ASSIGNMENT: Please repeat exactly the lines below from the line with "Throughout the past" to the line with "앞서 한혜진의 목 상태가", including both, and leave out every picture.

EXERCISE DATA:
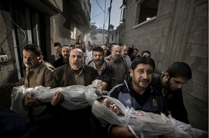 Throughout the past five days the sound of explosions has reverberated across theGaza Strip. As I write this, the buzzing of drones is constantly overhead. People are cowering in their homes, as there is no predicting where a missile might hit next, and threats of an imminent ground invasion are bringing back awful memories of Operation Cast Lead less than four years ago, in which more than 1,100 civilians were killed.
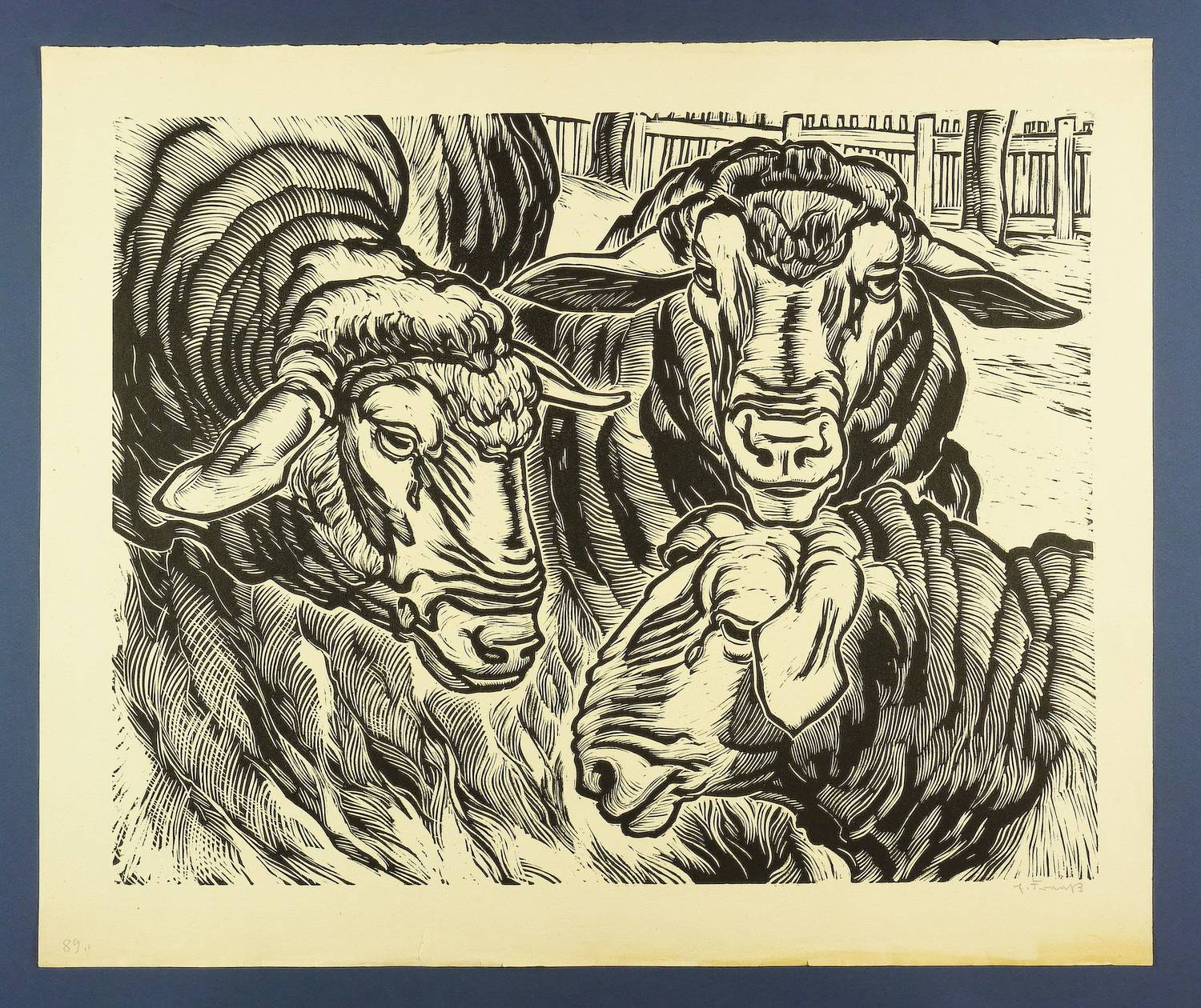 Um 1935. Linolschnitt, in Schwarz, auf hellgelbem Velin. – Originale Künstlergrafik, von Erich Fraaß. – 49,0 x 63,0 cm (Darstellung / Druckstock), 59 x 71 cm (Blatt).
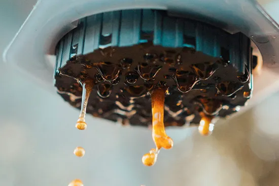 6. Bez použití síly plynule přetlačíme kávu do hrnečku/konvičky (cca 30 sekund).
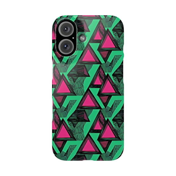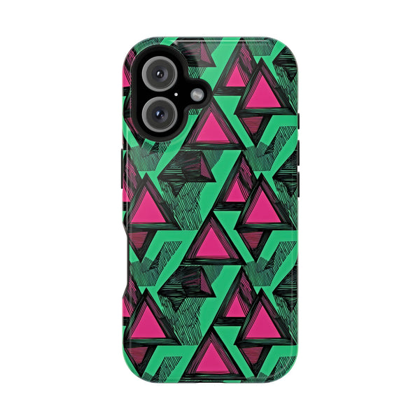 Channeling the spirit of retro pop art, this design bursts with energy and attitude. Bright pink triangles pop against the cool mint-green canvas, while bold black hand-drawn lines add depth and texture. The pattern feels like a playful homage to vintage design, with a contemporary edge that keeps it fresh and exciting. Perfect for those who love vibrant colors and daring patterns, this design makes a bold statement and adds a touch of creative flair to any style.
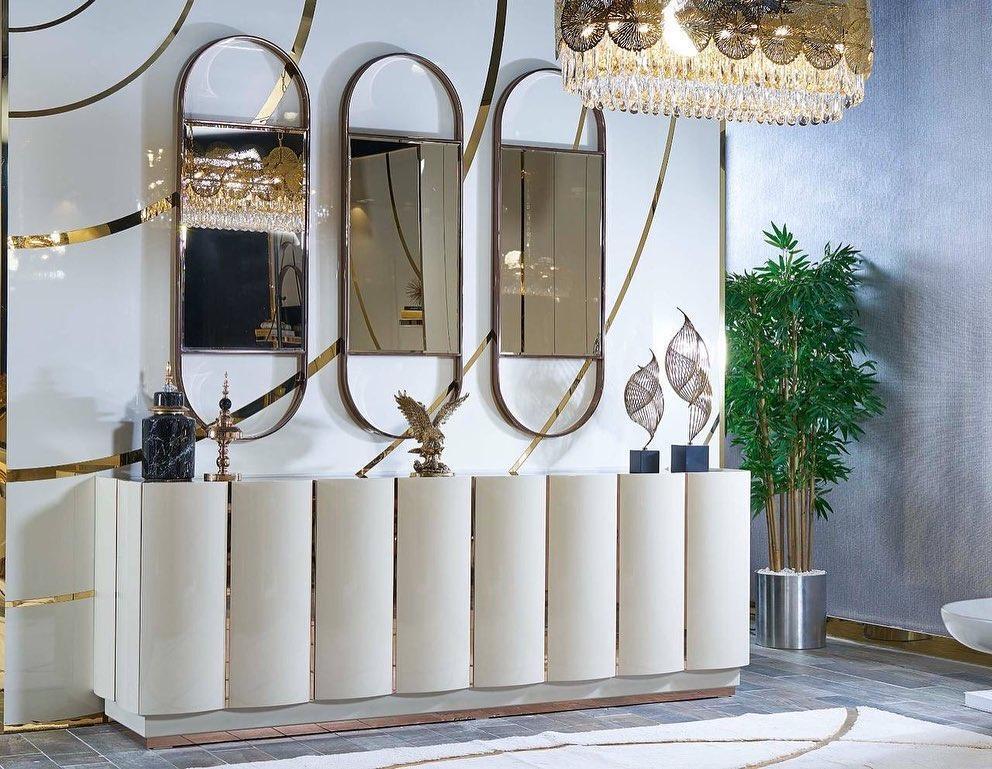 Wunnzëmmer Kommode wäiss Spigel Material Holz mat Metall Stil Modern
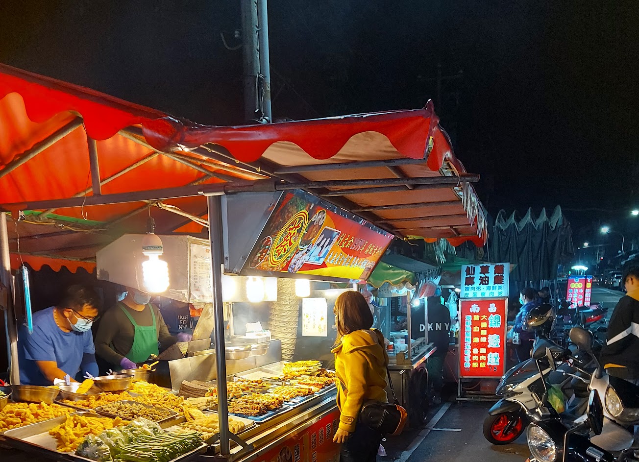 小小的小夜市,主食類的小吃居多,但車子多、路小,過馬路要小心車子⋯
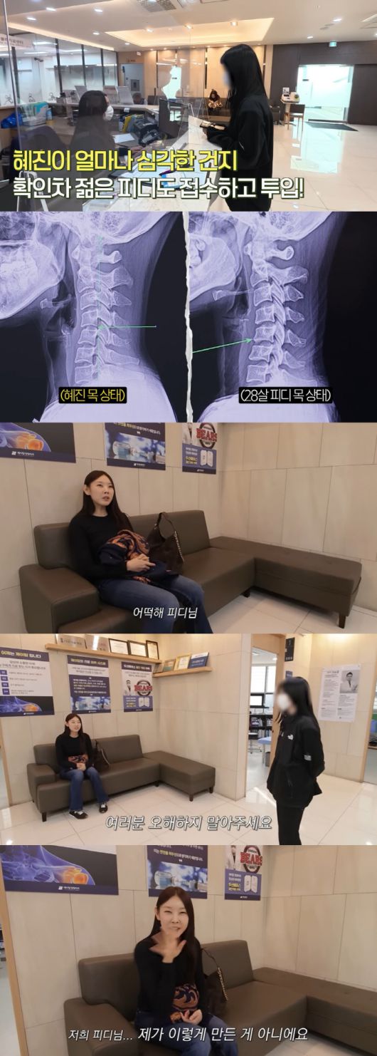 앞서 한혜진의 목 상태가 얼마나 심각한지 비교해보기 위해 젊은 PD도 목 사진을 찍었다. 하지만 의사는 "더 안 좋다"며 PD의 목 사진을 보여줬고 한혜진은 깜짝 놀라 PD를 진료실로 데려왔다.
==
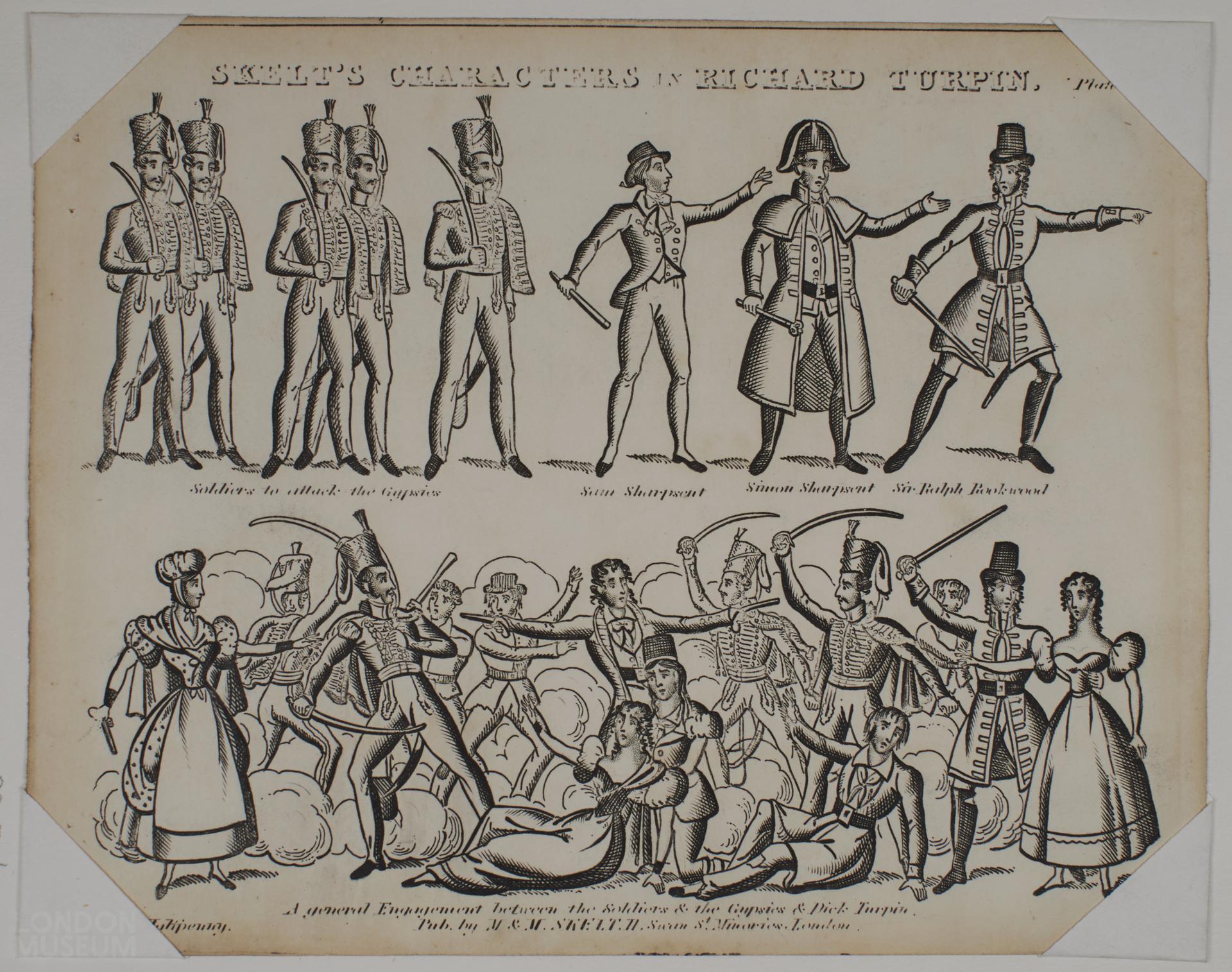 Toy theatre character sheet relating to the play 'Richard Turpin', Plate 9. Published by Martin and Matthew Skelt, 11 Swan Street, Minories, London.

SOLUTION FOR THIS EXERCISE:
 Throughout the past five days the sound of explosions has reverberated across theGaza Strip. As I write this, the buzzing of drones is constantly overhead. People are cowering in their homes, as there is no predicting where a missile might hit next, and threats of an imminent ground invasion are bringing back awful memories of Operation Cast Lead less than four years ago, in which more than 1,100 civilians were killed.
 Um 1935. Linolschnitt, in Schwarz, auf hellgelbem Velin. – Originale Künstlergrafik, von Erich Fraaß. – 49,0 x 63,0 cm (Darstellung / Druckstock), 59 x 71 cm (Blatt).
 6. Bez použití síly plynule přetlačíme kávu do hrnečku/konvičky (cca 30 sekund).
 Channeling the spirit of retro pop art, this design bursts with energy and attitude. Bright pink triangles pop against the cool mint-green canvas, while bold black hand-drawn lines add depth and texture. The pattern feels like a playful homage to vintage design, with a contemporary edge that keeps it fresh and exciting. Perfect for those who love vibrant colors and daring patterns, this design makes a bold statement and adds a touch of creative flair to any style.
 Wunnzëmmer Kommode wäiss Spigel Material Holz mat Metall Stil Modern
 小小的小夜市,主食類的小吃居多,但車子多、路小,過馬路要小心車子⋯
 앞서 한혜진의 목 상태가 얼마나 심각한지 비교해보기 위해 젊은 PD도 목 사진을 찍었다. 하지만 의사는 "더 안 좋다"며 PD의 목 사진을 보여줬고 한혜진은 깜짝 놀라 PD를 진료실로 데려왔다.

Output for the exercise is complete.